The plaintiff, Victor Coffin, alleged he was diagnosed with mesothelioma as a result of his exposures to asbestos while working for Maine Central Railroad (MCRR). Specifically, Mr. Coffin alleged that he worked as a bridge operator at the Carlton Bridge, which was built under the supervision of the Maine Department of Transportation and completed in 1929. During the time period that Mr. Coffin worked on the bridge, however, his employer, MCRR, was 100 percent responsible for the maintenance of the bridge’s railroad track structure, lift span machinery, signaling, and bridge operations. Mr. Coffin alleged that he was exposed to asbestos from the walls of the control room, engine room, machine shop, and operating room of the bridge. He testified that the bridge would shake when trains and heavy trucks passed over it, and during a couple of hurricanes, causing the wall panels to shake together, creating dust. It was undisputed that asbestos-containing products were used during the initial construction of the bridge. However, MCRR argued that it was never aware of the existence of asbestos at the bridge during the period that it operated and maintained the bridge, and only made this discovery through an inspection by independent contractors in 2000.

MCRR moved for summary judgment, arguing that Mr. Coffin could not prove that it was foreseeable to MCRR that he would be exposed to asbestos during his employment at the bridge, and even if it could have known that the bridge walls contained asbestos, under the industrial standards at the time, MCRR had no reason to believe that there would be harmful exposure to Mr. Coffin. Essentially, MCRR argued that Mr. Coffin was unable to establish the foreseeability element of his FELA claim, emphasizing that “reasonable foreseeability of harm…is indeed an essential ingredient of FELA negligence.”

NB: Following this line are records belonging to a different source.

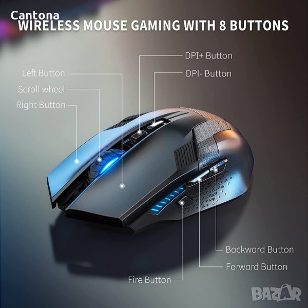 - Безжична гейминг мишка TECKNET, позволява работно разстояние до 15 м с никакво забавяне или падане на сигнала, не изисква драйвер (забележка: бутоните не са програмируеми)
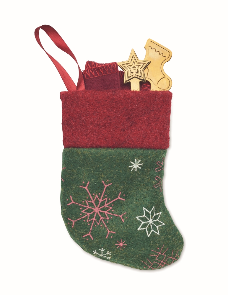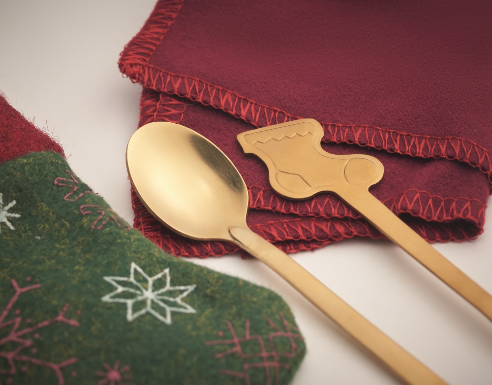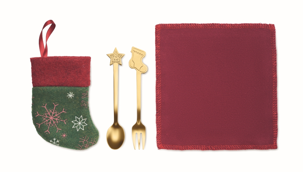 Sada příborů na vánoční dezert obsahující lžíci a vidličku z nerezové oceli a bavlněný 150g ubrousek. Dodáváno v obale ve tvaru vánoční ponožky. Pozice vzoru se může u jednotlivých kusů lišit Rozměry: 8 x 11,5 cm. Materiál: bavlna
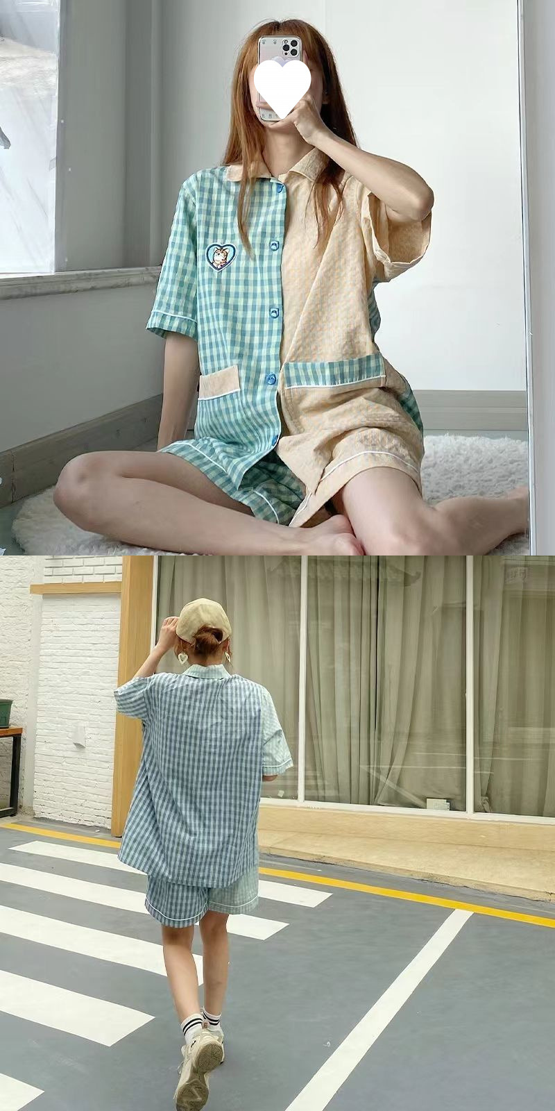 여름 새로운 격자 무늬 여성의 간단한 인터넷 인기 스타일 소녀의 캐주얼 홈 옷 바느질 홈 의류스토어 가기
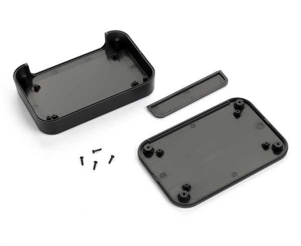 The enclosure comes complete with PCB mounts in both the lid and base with a removeable panel on one side of the enclosure.
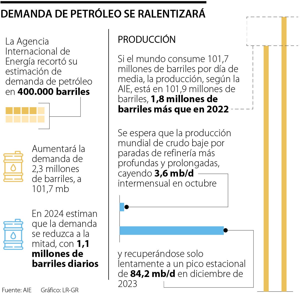 Esto, combinado con la producción récord de Brasil y Guyana junto con los crecientes flujos iraníes, elevará la producción mundial en 1,8 mb/d a 101,9 mb/d en 2023.
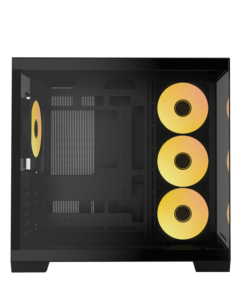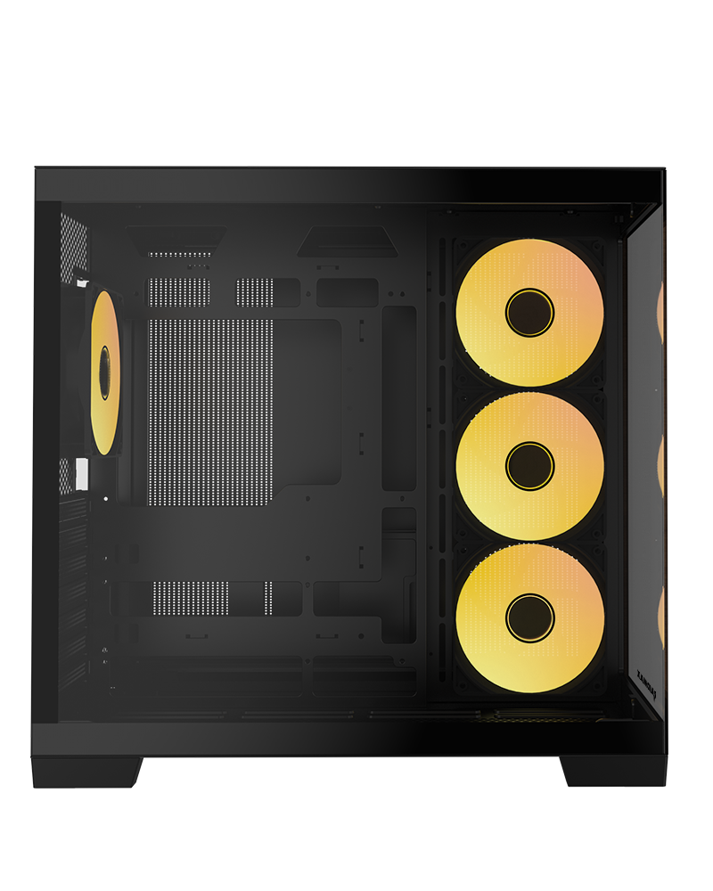 Includes a One-Piece 360mm ARGB reverse fan on the side and a 120mm ARGB fan at the rear, enabling easy management of lighting effects through the LED light switch button or your ARGB-compatible motherboard.
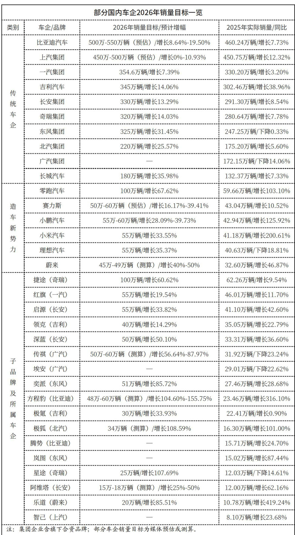 2026年开年,国内部分车企纷纷公布了新一年度的销量目标,从传统车企的规模稳增,到造车新势力的激进扩张,再到车企子品牌的差异化突围,各阵营目标既是基于自身发展需求的设定,也折射出对市场未来趋势的判断。(剩余3762字)

Considering the proofs offered by MCRR, the court found that the question of foreseeability should be left to the jury, as there was some reasonable basis to conclude that MCRR should have known about the presence of asbestos at the bridge. For instance, MCRR used asbestos products throughout its own system, and began a program of asbestos removal in the last few years of Mr. Coffin’s employment. While MCRR attempted to rely on an inspection conducted in 1984 to determine what safety and health problems existed at the bridge, the scope of the inspection and whether the inspectors looked for asbestos was not clear. Additionally, while MCRR argued that it had no reason to anticipate that asbestos dust would escape the walls and harm Mr. Coffin, the court also concluded that this was a question of fact for the jury. While it was possible that Mr. Coffin’s exposure was unforeseeable if there was no evidence that dust was escaping the control room, Mr. Coffin testified that he observed dust when the walls of the bridge shook. As such, the foreseeability of exposure was also in dispute. Finally, MCRR argued that it was unforeseeable that a person would have been injured from the type of exposure that Mr. Coffin alleged. Essentially, arguing that Mr. Coffin’s exposure levels were minimal, and the asbestos fiber most likely in the wall boards was chrysotile, which MCRR argued was generally considered to present a negligible risk for development of mesothelioma. However, again, the court found that this was a question of fact.  

Given that MCRR’s motion for summary judgment was limited to the foreseeability of Mr. Coffin’s alleged injury, and not on the issues of breach of duty or causation, the court found sufficient issues of fact remained to warrant denial of the motion, holding that it could not “conclude at this stage that it was unforeseeable that harmful asbestos exposure would or could occur in Mr. Coffin’s workspaces at the bridge.”